- [WHAT YOU ARE ASKED TO DO]:
Whenever a picture appears, leave it out while repeating all the other data exactly.

- [GIVEN DATA]:
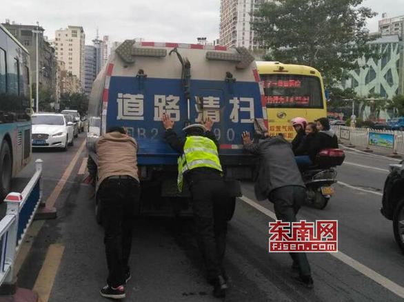 东南网莆田1月19日(通讯员 谢秋玲)1月17日下午2时10分许,莆田荔城交警大队一中队民警带队在红星美凯龙灯控路段执勤时,发现路口中间有一辆道路清扫车停在左转车道上。此时正处上班高峰期间,加上该路段来往车辆流量大,导致车辆通行受阻,影响正常通行秩序。 见此情景,民警立即组织人员上前查看。经询问得知,该车因为故障突然熄火后无法启动。民警立即启动采取措施,一方面,安排协警进行交通指挥、疏导工作,力争尽快将拥堵现象排除;另一方面,安排协警负责协调、指挥交通,提示周边车辆注意避让,为清扫车推向路边开辟安全通道。同时,让司机在车内掌控方向,然后自己与好心的路人、环卫工人一起将车辆推到了路边。 一中队及时处置突发情况的工作方式,及时保障了辖区道路交通秩序的安全、畅通,获得了过往司机、群众的一致好评。
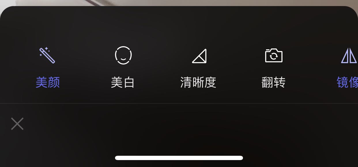 左滑设置菜单栏可以看到“镜像”、“静音”按钮。
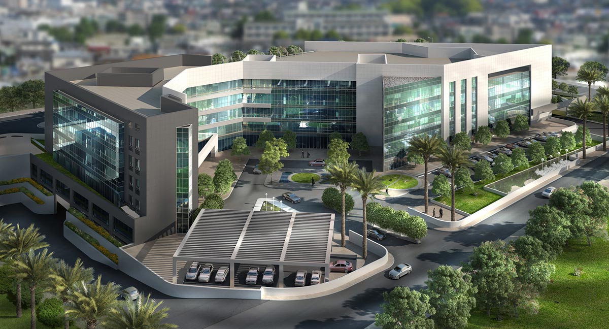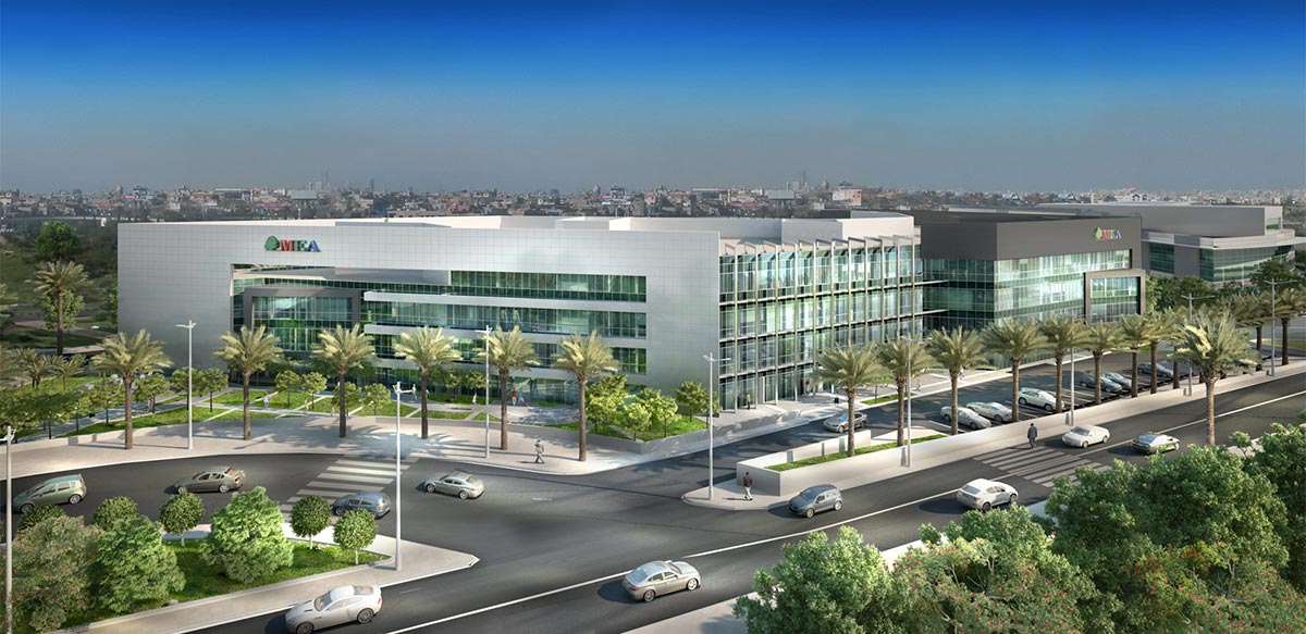 Facade for M.E.A. office complex. The complex was completed at the end of 2018.

- [RESULT OF THIS TASK]:
 东南网莆田1月19日(通讯员 谢秋玲)1月17日下午2时10分许,莆田荔城交警大队一中队民警带队在红星美凯龙灯控路段执勤时,发现路口中间有一辆道路清扫车停在左转车道上。此时正处上班高峰期间,加上该路段来往车辆流量大,导致车辆通行受阻,影响正常通行秩序。 见此情景,民警立即组织人员上前查看。经询问得知,该车因为故障突然熄火后无法启动。民警立即启动采取措施,一方面,安排协警进行交通指挥、疏导工作,力争尽快将拥堵现象排除;另一方面,安排协警负责协调、指挥交通,提示周边车辆注意避让,为清扫车推向路边开辟安全通道。同时,让司机在车内掌控方向,然后自己与好心的路人、环卫工人一起将车辆推到了路边。 一中队及时处置突发情况的工作方式,及时保障了辖区道路交通秩序的安全、畅通,获得了过往司机、群众的一致好评。
 左滑设置菜单栏可以看到“镜像”、“静音”按钮。
 Facade for M.E.A. office complex. The complex was completed at the end of 2018.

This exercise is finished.